The agreement also agrees to extend loan repayments and lower the rates paid by Ireland and Portugal, the two other eurozone states who had to be bailed out after Greece.

"That is really a game changing decision," Lagarde said.

To ease Greece's debt repayments on its loans, the summit agreed to extend them from 7.5 years to between 15 and 30 years in some cases, and at a rate of

3.5 percent, down from 4.5 percent.

Figures released by the leaders after the summit said the measures would reduce Greece's debt by 26 billion euros -- equal to 12 percent of its Gross Domestic Product -- by the end of 2014.

The package "creates a sustainable path for Greece ... a lightening of the burden on the Greek people," said Greek Prime Minister George Papandreou.

Greece has debts of 350 billion euros ($500 billion) or about 160 percent of GDP.

"The only thing we're asking for is the right to make deep changes in our country to make our country a viable one, one of growth and jobs creation,"

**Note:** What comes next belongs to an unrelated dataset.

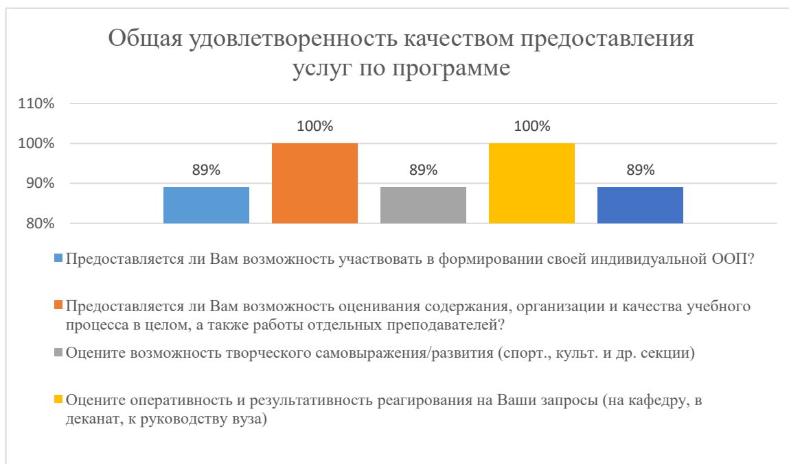
Диаграмма 2.4.5. Общая удовлетворенность качеством предоставления услуг по программе

Общий вывод Общая удовлетворенность качеством предоставления образовательных услуг по программе — 93%: полная удовлетворенность.
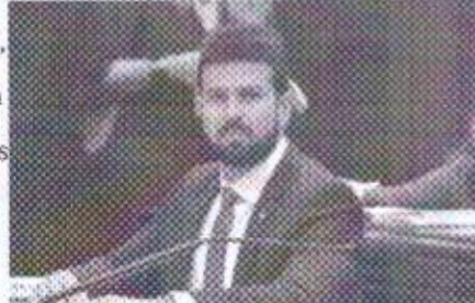
Gil Cutrim é apontado como o deputado federal maranhense mais atuante, na Câmara Federal, na defesa dos municípios

Por seis anos, Cutrim foi prefeito de São José de Ribamar, a terceira maior cidade do Maranhão, e vice-prefeito por dois anos, sendo o primeiro prefeito da história do município a exercer a presidência da Federação dos Municípios do Estado do Maranhão (Famem), em 2012. Dois anos depois, foi reconduzido ao cargo por aclamação. O ranking Observatório Político é uma ferramenta da CNM que tem como objetivo identificar e classificar os parlamentares com o perfil Municipalista, ou seja, os que atuam em consonância com os interesses dos Municípios.

said Papandreou. "This is a European success, a European package."

A breakthrough became possible after the eurozone's two powerbrokers, German Chancellor Angela Merkel and French President Nicolas Sarkozy, reached a compromise just hours before the summit.

Leaders dropped the idea of a bank tax to help fund a second Greek bailout but kept German demands for private sector involvement, even at the risk of triggering a default.

There are concerns that changing the terms of outstanding Greek sovereign bonds could prompt rating agencies to declare Athens in default, with potentially dramatic knock-on consequences.

The European Union and IMF's 110-billion-euro ($156-billion) bailout of Greece last year proved insufficient, with the financial markets tightening the screws on Athens and setting their sights on Italy and Spain as the next debt dominoes.

Stock markets and the euro shot up on Thursday as draft details that the eurozone was preparing to make fresh loans and bring in the private sector to relieve Greece from its debt crisis began to filter out.

"The markets feel quite secure that significant progress will be made today that will probably change the shape of the Eurozone as we know it," said Kathleen Brooks of research group Forex.com.

"History is in the making. We suspect there will be steps to closer economic and fiscal integration after today's summit."